Share

Penyusup

"Siapa yang menyuruhmu?"

Suara dingin Ezra mendominasi ruangan gelap juga mencekam di markas, pria dengan pakaian lengkap serba hitam, juga penutup wajah yang telah disingkap itu hanya menunduk seperti tak ingin bersitatap dengan Ezra.

"Siapa yang mengutusmu untuk mencelakai saya?"

Hening!

Pria itu memilih bungkam, sekali pun kaki dan tangannya telah diikat pada kursi, juga sudut bibir, hidung yang berdarah, rupanya ia belum mau buka suara selain rintihan kesakitan.
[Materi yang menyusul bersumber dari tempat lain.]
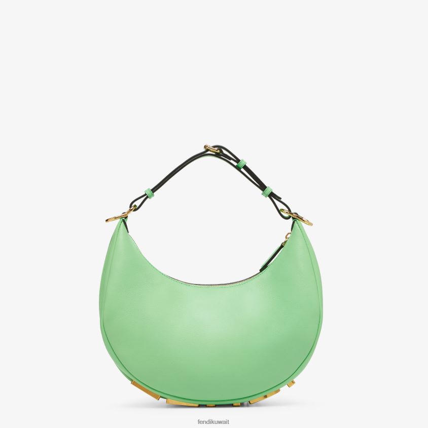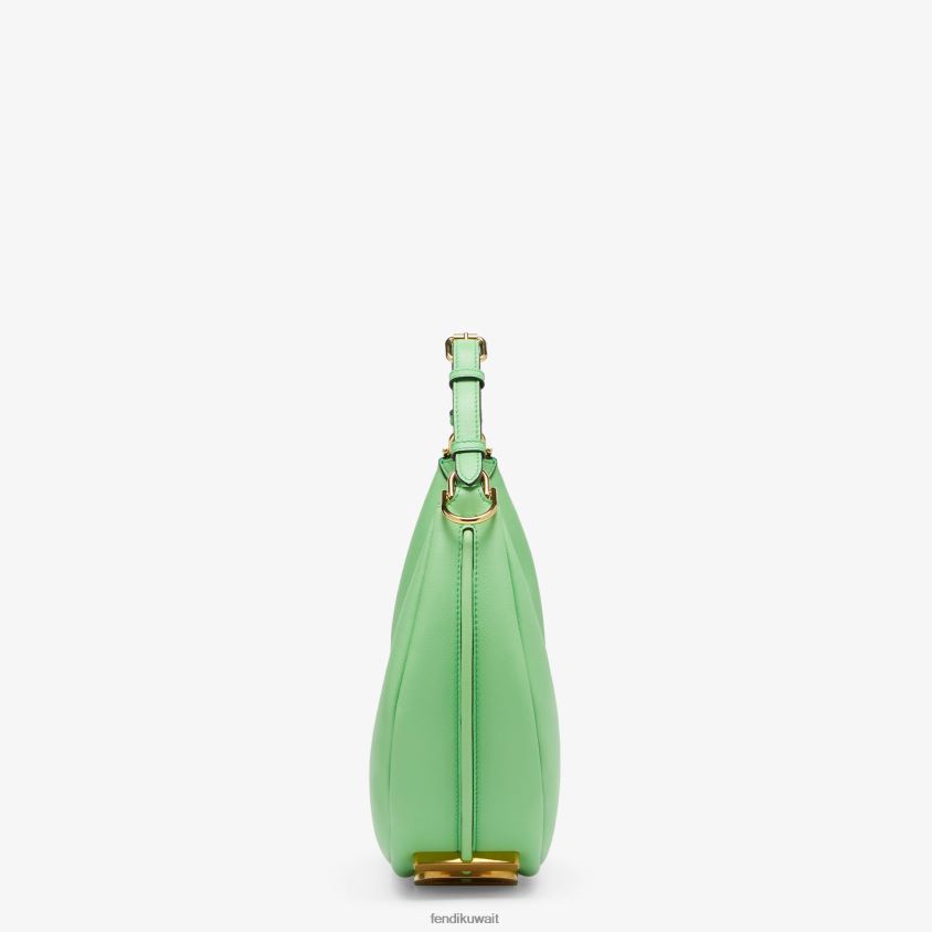حقيبة هوبو صغيرة مصنوعة من الجلد الأخضر المرن، ومزينة بحروف فندي معدنية ذهبية عتيقة يمكن رؤيتها عند ارتداء الحقيبة تحت الذراع.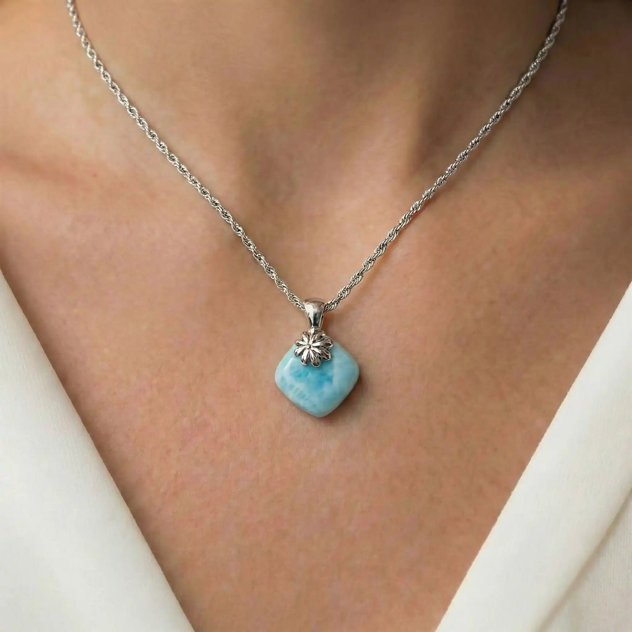The ABRIL LARIMAR NECKLACE comes with a sterling silver chain that effortlessly adjusts to create the perfect look for every occasion.

"Hey, apa kau tak mendengar pertanyaannya?" Kini William angkat suara, ia muak dengan penjahat di hadapannya, matanya sudah menatap tajam pria pecundang yang masih menundukkan kepala di hadapan mereka.

Hingga satu tendangan berhasil membuat penjahat tadi terjengkang. William tak bisa menahan amarahnya, Ezra juga tak mencegah perbuatan Willy, sebenarnya ia pun sama geramnya, tapi masih bisa mengontrol diri untuk tidak mengotori tangannya sendiri.

Pria tadi terbatuk darah, tak ada yang peduli. Ezra setengah berjongkok di dekat pria yang belum mereka ketahui namanya.

"Kau masih bermain-main, ya? Saya heran, mengapa orang itu mengutus pecundang seperti kamu. Sekali pun kau tangguh dalam pertarungan, tak ada gunanya jika kau menundukkan pandangan di hadapan musuh. Sebaiknya kembali ke rumah dan bersembunyi di balik rok wanita."

Kalimat keras dari Ezra mampu memantik amarah pria itu, ia kini berani menatap Ezra lekat.

"Kau tersinggung? Kau memang pengecut."

Ezra mengulang ucapannya dengan tawa sinis.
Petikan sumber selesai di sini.